New hope for locked-in patients

“Complete locked-in syndrome” is a terrifying form of paralysis, in which the patient remains mentally aware but is incapable of moving any part of their body – not even their eyes, as in the more
common “locked-in syndrome”. Kept alive with feeding tubes and ventilators, they have no way of communicating with the outside world. But now, an experimental study has found that there is a way of reaching at least some of these patients. Researchers at Germany’s University of Tübingen developed a cap that uses infrared light to detect variations in blood flow to different parts of the brain. In tests, four completely locked-in patients wore these caps while the team asked them
simple closed questions – e.g. is Berlin the capital of France? – as a computer assessed the differ ent blood oxygenation patterns produced in their brains as they thought “yes”, or “no”. After finding they could detect the patients’ answers correctly 70% of the time, the researchers asked them personal questions (repeating each one multiple times, for a more reliable result).

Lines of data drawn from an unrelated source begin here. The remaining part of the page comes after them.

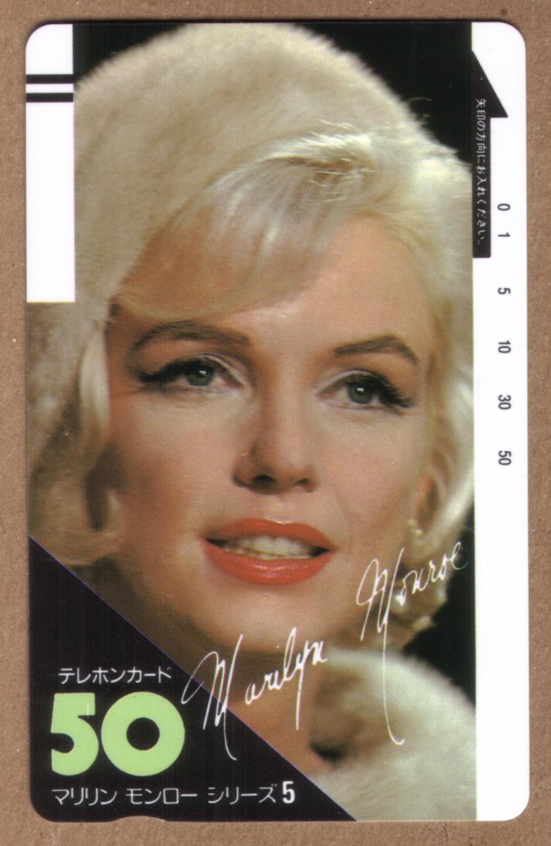This collectible phone card from Japan features a close-up headshot of Marilyn Monroe. The image captures Marilyn Monroe with her iconic platinum blonde hair styled softly around her face, her makeup highlighting her eyes with dark eyeliner and mascara, and her lips painted with a classic red lipstick. The photo presents a clear and vibrant portrait, emphasizing her facial features and glamorous expression.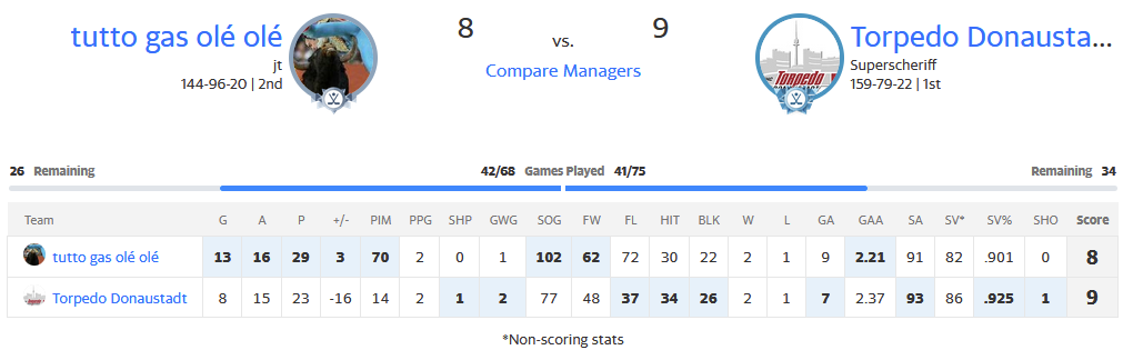 Entschieden wirds wohl wie so oft über die Goalies. Wins und SA wird schwierig gegen dich zu holen sein, SO jetz auch auf deiner Seite, zusammen mit Hits und Blocks, die ich mit meiner Misere bei den D wohl abhaken kann, wird sich das sehr schwierig gestalten, aber schauma mal.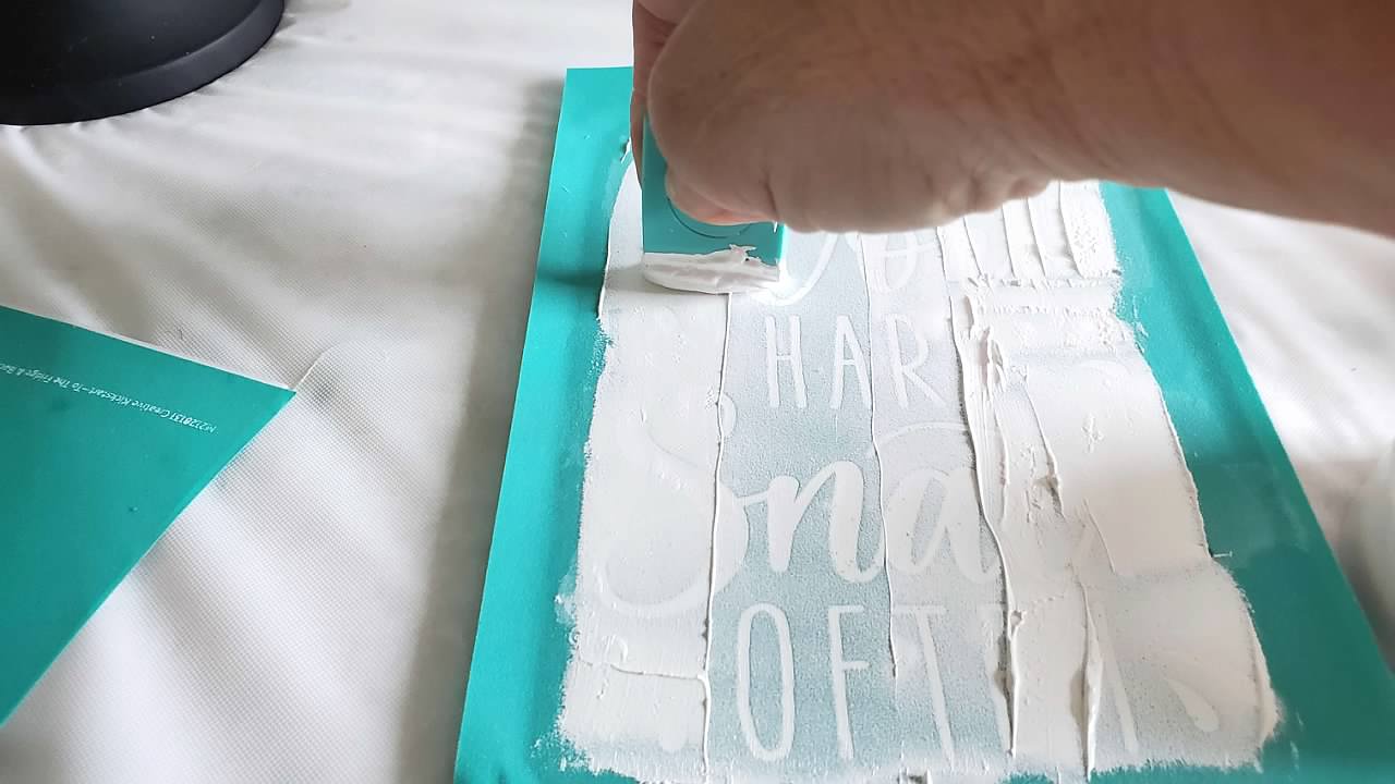Add a small amount of paste on your squeegee. Chalk Couture has two sizes of squeegees. A mini and a small. I am using a mini squeegee.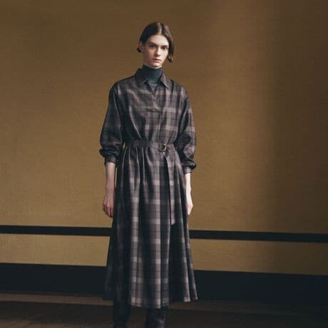 オリジナルのチェック柄とカラーリングの一着で着映えるワンピースです。

The daughter of one patient asked him if she should marry her boyfriend: nine out of ten times, the answer was “no” (they
married anyway). The scientists also asked the subjects, all of whom lived at home, if they were happy: perhaps surprisingly, they all indicated they were. It was a very small study, and it isn’t clear if the technique would work on all patients. But the team described it as a heartening breakthrough.